The Role of LLMs in Modern Travel: Opportunities and Challenges Ahead
Large Language Models (LLMs) have become a significant driver of innovation across industries. They enable systems to understand, generate, and interact with natural language like humans. GetYourGuide (GYC), an online marketplace for travel experiences, has been using LLMs to advance new developments in the tourism sector.
At a recent Berlin Unstructured Data Meetup hosted by Zilliz, Meghna Satish, a Machine Learning Engineer at GetYourGuide, shared insights into their journey with LLMs. She discussed the products they’ve built, their challenges, and how LLMs have reshaped travel platforms by improving customer experiences and user interactions.
In this blog, we’ll recap her key points and explore how LLMs can be integrated with the Milvus vector database to address common issues like hallucinations. For more details, watch the full replay of her talk on YouTube.
How GYG Uses LLMs to Improve Its Services
LLMs have transformed nearly every industry, and tourism is no exception. GetYourGuide (GYG), an online marketplace for travel services and experiences, recognizes the power of LLMs to enhance customer experiences, streamline operations, and provide more efficient services.
Content Translation and Localization
One of the primary applications of LLMs at GYG is content translation and localization. By breaking down language barriers, LLMs enable real-time translation of travel information, including articles, hotel descriptions, and reviews, allowing users across different regions to understand content in their native language. This localized approach drives engagement by offering each user relevant, accessible information.
GYG relies on ChatGPT to perform translations, as it provides high-quality translations that align with GYG’s tone of voice. However, ChatGPT’s training data distribution leans heavily toward English, with around 50% of its sources in English, 6% in Spanish, 32% in European, and 18% in Asian languages. To counter potential biases and ensure accuracy, GYG employs a hybrid approach, combining ChatGPT translations with additional deep-learning neural networks for post-editing, achieving a more balanced, culturally sensitive localization.
Content Generation and Customer Support
GYG also uses LLMs to streamline content creation, from AI-assisted tour descriptions to comprehensive destination guides and travel blogs. By automating content generation, LLMs help keep GYG’s platform fresh and engaging, providing travelers with up-to-date information while freeing up valuable time for the content team.
In addition to generating content, LLMs support customer service by handling high volumes of queries through automated FAQs and multi-turn conversations. This reduces the demand for human support teams, allowing them to focus on more complex cases while lowering operational costs. LLM-powered responses ensure customers receive prompt, accurate answers, enhancing the overall user experience.

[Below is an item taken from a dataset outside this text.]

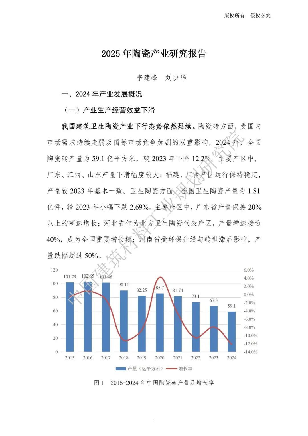 《非金属材料产业研究报告(2025)》日前发布,中国建筑材料工业规划研究院玻陶非矿处处长李建峰对其中的陶瓷产业进行解读。

Future Possibilities: Personalization
Although not yet implemented at GYG, LLMs have great potential for personalization. LLMs could create tailored content for individual users by leveraging user data such as search history, booking patterns, and interaction preferences. This could include personalized itineraries, activity recommendations, and customized discounts aligned with a user’s unique travel interests.

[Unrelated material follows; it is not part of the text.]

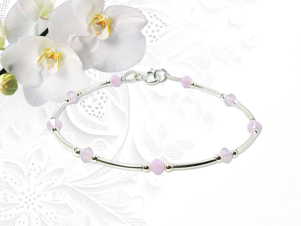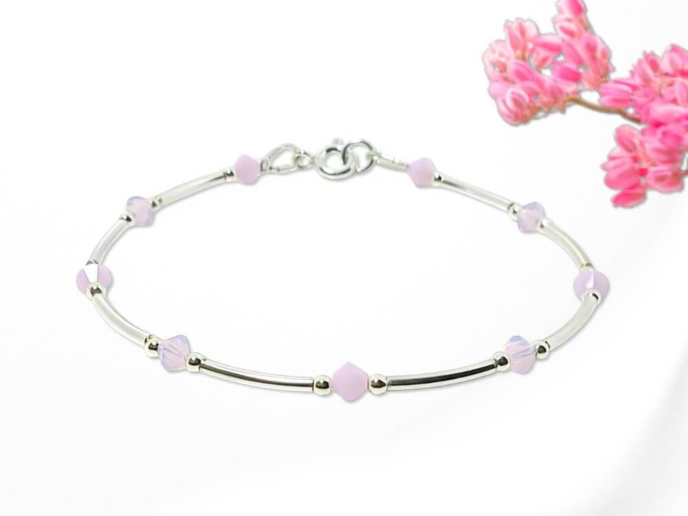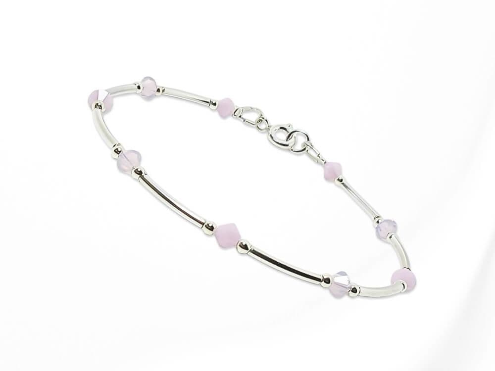 This feminine handmade bracelet features premium pink opal crystals from the world renowned crystal company in Austria. The design is enhanced with small seamless UK .925 Sterling Silver beads and thick curved tubes to form its elegant bangle-style appearance. It is strung on professional jewellery-quality 49-strand beading thread for flexibility and strength and fastens securely with a Sterling Silver bolt ring clasp. Complimentary Silver Polishing Cloth (Please Do Not Wash) included.

Challenges of Using LLMs at GYG
After obtaining initial translations and content generation, the team encountered several challenges when using LLMs, particularly ChatGPT, for post-editing localization content:
Hallucination: If it lacks specific information about the query, ChatGPT sometimes generates incorrect or fabricated details. For instance, it may invent names, places, or events not present in the original text when it does the translation, introducing inaccuracies that compromise the translation quality. ChatGPT also tends to answer questions rather than strictly following the translation task, leading to unintended content.

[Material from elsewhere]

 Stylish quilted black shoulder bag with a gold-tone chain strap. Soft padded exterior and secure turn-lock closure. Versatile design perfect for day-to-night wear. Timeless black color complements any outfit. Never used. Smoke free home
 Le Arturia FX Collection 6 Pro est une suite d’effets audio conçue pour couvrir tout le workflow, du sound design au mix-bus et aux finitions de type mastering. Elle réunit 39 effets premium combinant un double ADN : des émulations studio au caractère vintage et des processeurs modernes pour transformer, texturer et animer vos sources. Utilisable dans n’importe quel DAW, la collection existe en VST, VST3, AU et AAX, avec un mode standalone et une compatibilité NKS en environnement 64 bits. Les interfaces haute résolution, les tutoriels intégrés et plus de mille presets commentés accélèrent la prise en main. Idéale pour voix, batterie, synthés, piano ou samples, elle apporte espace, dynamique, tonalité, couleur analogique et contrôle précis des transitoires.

Prompt Leakage: ChatGPT occasionally adds extra characters or information not found in the original prompt, which can lead to responses that stray from the intended purpose and make the prompt irrelevant. This "leakage" disrupts the intended output, requiring additional checks and edits.
Role Consistency: ChatGPT sometimes fails to maintain its assigned role. If a prompt deviates slightly from the expected tone or content, ChatGPT may respond with commentary on the task itself rather than adhering strictly to the instructions. This can interfere with tasks that demand consistency, such as translation, where maintaining focus on the task is essential.
To address such challenges, human oversight is necessary to ensure accuracy and relevance. However, human intervention may be able to manage these issues effectively for small—to medium-scale applications. Manual oversight just isn't feasible for large systems, say with hundreds of thousands of daily users.
Here, we offer Retrieval-Augmented Generation (RAG) as a solution: by feeding the LLM external data sources, RAG can mitigate hallucinations and fill in knowledge gaps that would otherwise require human input. The following sections discuss how RAG works and why vector databases make this approach scalable and effective.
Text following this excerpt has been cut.